* [Your objective]: In the material below, find the line containing "Realistic colorful video" and the line containing "На схеме отсутствует". Output those two lines and all lines between them exactly, without pictures.

* [Records supplied]:
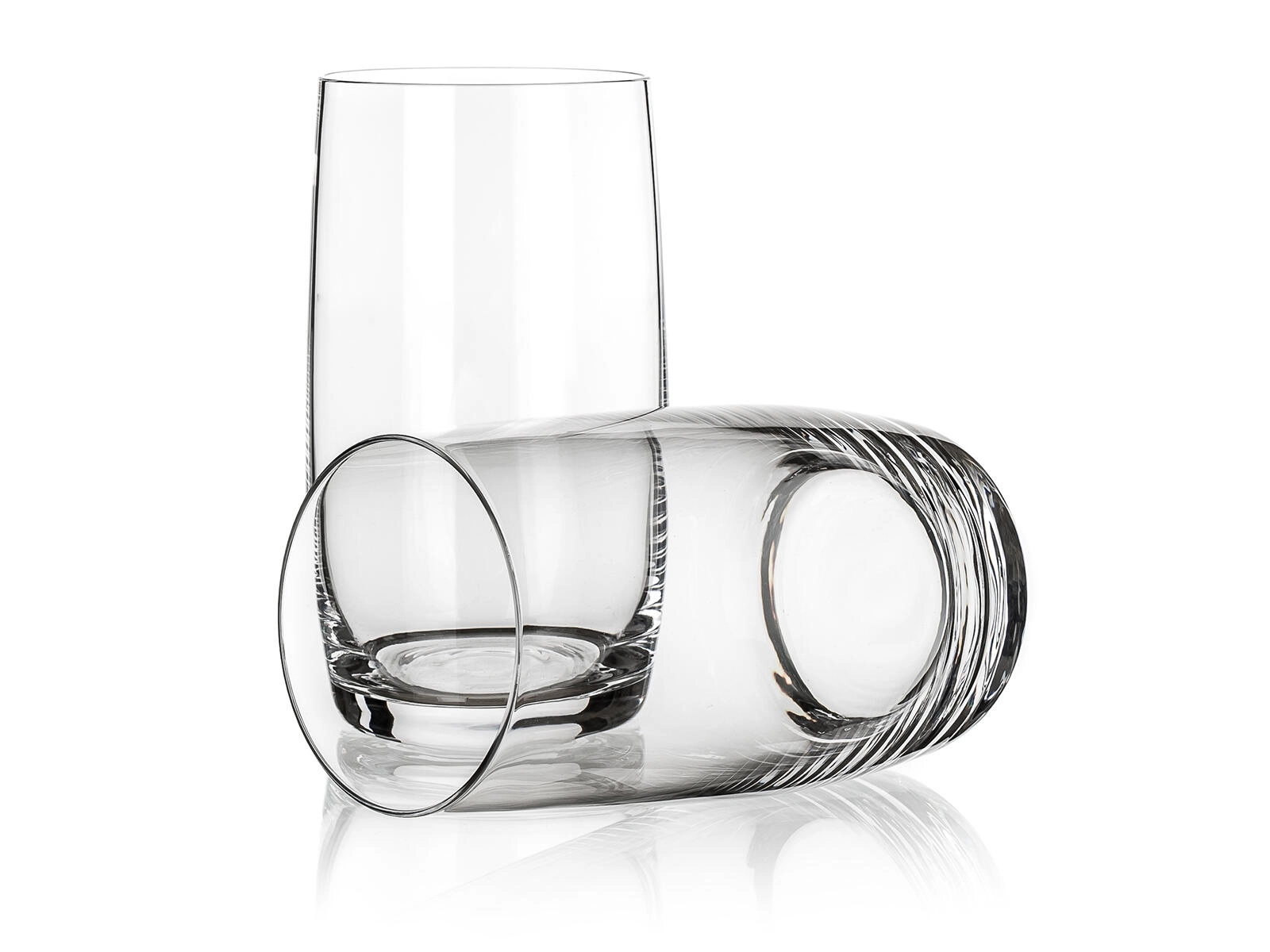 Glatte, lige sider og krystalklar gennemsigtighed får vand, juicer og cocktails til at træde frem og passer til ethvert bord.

...

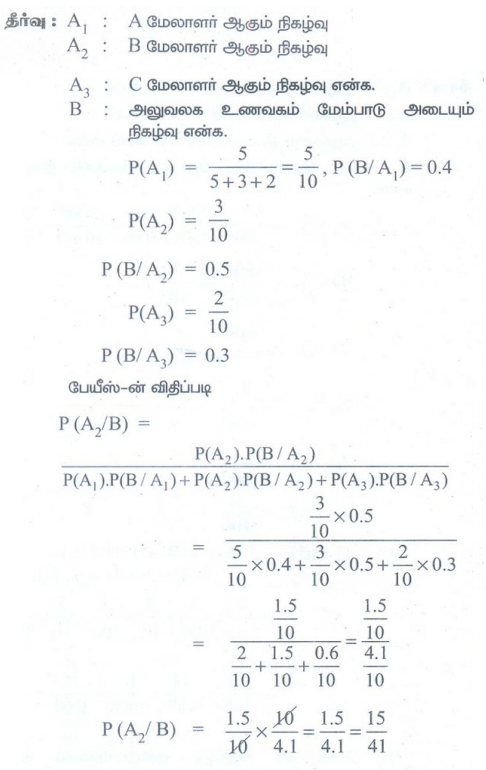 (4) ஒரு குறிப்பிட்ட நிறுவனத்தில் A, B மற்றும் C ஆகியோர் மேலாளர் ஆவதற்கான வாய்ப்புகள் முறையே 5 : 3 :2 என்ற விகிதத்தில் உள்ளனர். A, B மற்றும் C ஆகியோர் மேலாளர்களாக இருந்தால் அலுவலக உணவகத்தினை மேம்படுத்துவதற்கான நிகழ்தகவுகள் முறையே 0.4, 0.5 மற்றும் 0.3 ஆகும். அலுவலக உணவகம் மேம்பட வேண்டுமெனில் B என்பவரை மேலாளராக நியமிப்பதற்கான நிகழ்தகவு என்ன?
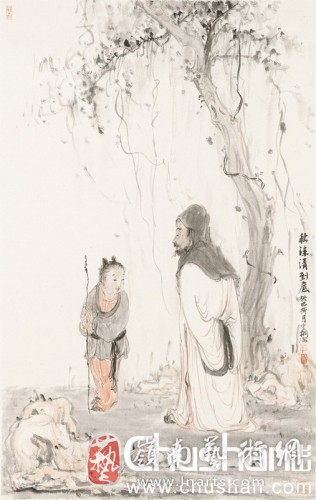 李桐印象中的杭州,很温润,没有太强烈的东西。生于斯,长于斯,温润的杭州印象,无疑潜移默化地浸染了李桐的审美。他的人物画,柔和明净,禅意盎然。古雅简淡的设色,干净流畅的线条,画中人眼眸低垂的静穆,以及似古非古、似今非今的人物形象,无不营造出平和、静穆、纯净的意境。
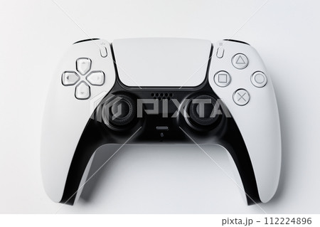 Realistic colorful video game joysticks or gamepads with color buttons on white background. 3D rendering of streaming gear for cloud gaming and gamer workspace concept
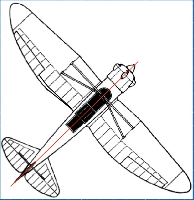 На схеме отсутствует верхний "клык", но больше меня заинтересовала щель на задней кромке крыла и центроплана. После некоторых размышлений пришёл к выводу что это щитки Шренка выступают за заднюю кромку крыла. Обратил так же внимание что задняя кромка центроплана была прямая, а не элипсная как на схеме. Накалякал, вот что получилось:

* [Answer section]:
 Realistic colorful video game joysticks or gamepads with color buttons on white background. 3D rendering of streaming gear for cloud gaming and gamer workspace concept
 На схеме отсутствует верхний "клык", но больше меня заинтересовала щель на задней кромке крыла и центроплана. После некоторых размышлений пришёл к выводу что это щитки Шренка выступают за заднюю кромку крыла. Обратил так же внимание что задняя кромка центроплана была прямая, а не элипсная как на схеме. Накалякал, вот что получилось:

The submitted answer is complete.